I'm almost 18 now and I've finally decided to seek help. I'm seeing a psychologist for the first time in about a week. I really hope I can cure myself of this before I move back to the States. Is one year enough time??
 
Hi girlonthetram, welcome to SPW!

When I was 12, I moved from Chicago to Miami, same country, different worlds. I was in culture shock when I got here. I was able to make some friends here but most have since moved. I think I've had Social Anxiety Disorder (SAD) all my life, even before the move I was a loner.

As far as curing your SAD, I don't know if that is possible. The only thing that has helped me with mine is Acceptance and Commitment Therapy (ACT).

www.actmindfully.com.au
 

polljk

Member
i hear your pain..
i've posted my own recap story in introductions..

i think it was a ptsd reaction from my parents diverce that broke me.
then the other kids noticed i was broken and did the usual "only the strong survive" thing. nice and bullied from that so more ptsd most likely, then with a move to a new school i began censoring myself and holding things inside for fear of the same treatment. generated a nice anxiety disorder with avoidance disorder as a coping mechanism.
(when the possibility of a panic attack situation looms i lie and manipulate to get out of it)
i'm not afraid to be completely honest, so i have panic attacks with a side of an irrational fear of wetting myself in public (thank you bedwetting)

started a nice cannabis habit a few years ago.. what do you know, i can feel happiness after all :D

so here i am.. no hope of a job.. no friends without great distress and no hope of going anywhere crowded. while every fucker around me tells me im being stupid, careless, childish, lazy pushing me deeper into the dirt and then theres the pressuare of trying to improve in the face of insane odds.

i say no more.. this is the hand i was dealt.. i'm not going to put myself through anymore to be like other people so i can feel worthy for 5 minutes..
i recomend you do the same.. or become lost in the "professional" mental health system.

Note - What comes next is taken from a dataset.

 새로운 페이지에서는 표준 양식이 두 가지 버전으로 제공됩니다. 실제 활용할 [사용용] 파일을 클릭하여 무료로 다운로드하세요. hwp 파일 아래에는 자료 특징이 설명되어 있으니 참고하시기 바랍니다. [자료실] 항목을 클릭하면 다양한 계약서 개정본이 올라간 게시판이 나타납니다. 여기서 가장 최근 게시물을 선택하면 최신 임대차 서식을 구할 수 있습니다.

my plan is get checked out by a doc.. go on disability payments and spend a little time not worrying about my future and see if i feel better.
if i do, i may venture outside, if not, i'm happy being alone with my wife forever and ever.

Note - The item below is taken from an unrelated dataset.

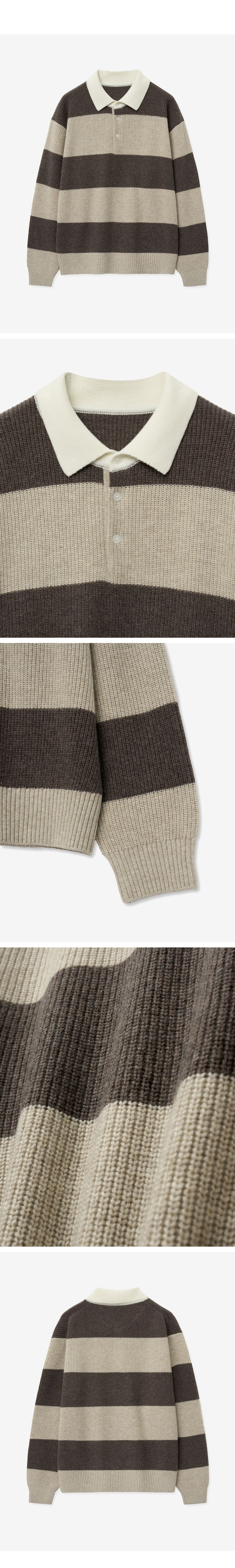 티엔지티 오버사이즈 럭비 폴로 니트 탑 브라운

i'm sorry i'm being self important.. but its either because i opend the flood gate or it's another one to throw on the pile..
 

SilentStranger

Well-known member
I suppose I could say yes to the orginal question. I mean I have always been ultra shy and dreaded school etc when I was small. But moving countries definitely had a part in me developing SP.

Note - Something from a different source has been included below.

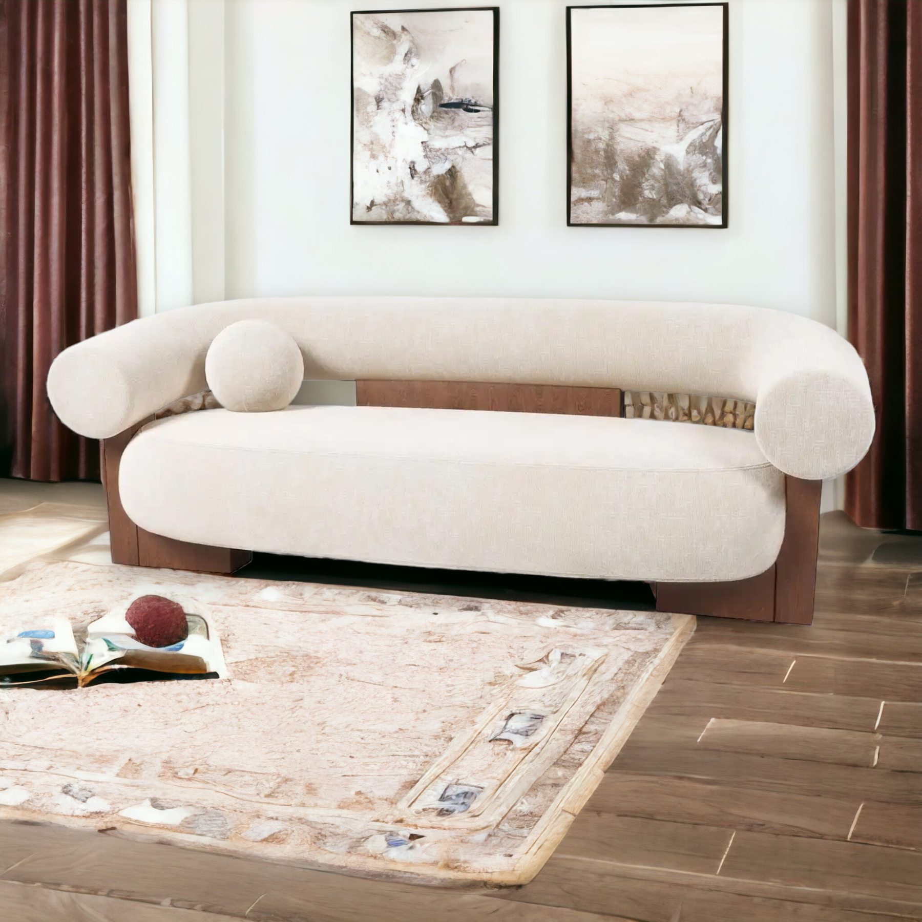 Introducing the Fabrice 3 Seater Walnut Wood & Boucle Sofa: Where Walnut Wood and Boucle Texture Elevate Comfort and Elegance! Speciality |

Like you I moved to Australia in my early teens. I won't go into exact details where I am originally from, but I would say difference in cultures was massive. It sure was a culture shock. Atleast in your case language wouldn't have been a problem, but I had to deal with speaking a new language and to make matters worse people would make fun of my accent and my culture. There were no expats from the old country in my school.. needless to say I didn't have many friends, and even then I didn't hang out with them after school. So I can definitely understand your situation.

As for a Christian school I attended, well that place was quite homophobic too. I mean most of the time it didn't bother me and (for the most part) people didn't decide I was gay just because I didn't have a girlfriend. As for people not being open to other cultures and views of alternative lifestyles, I can imagine a country town can being worse. To an extent I get that in the town I live now.

By looking at your nick, I assume you are in Melbourne now. How do you find Melbourne? More cosmopolitan and open to alternative cultures/lifestyles?

As for 1 year being good enough, I don't know. It probably depends on the person. In your case, you seemed to have lead quite a social life when you were in Cali. So I think changing might not be as difficult as people who have been shy or SP their entire life. Thats my view only, others might disagree.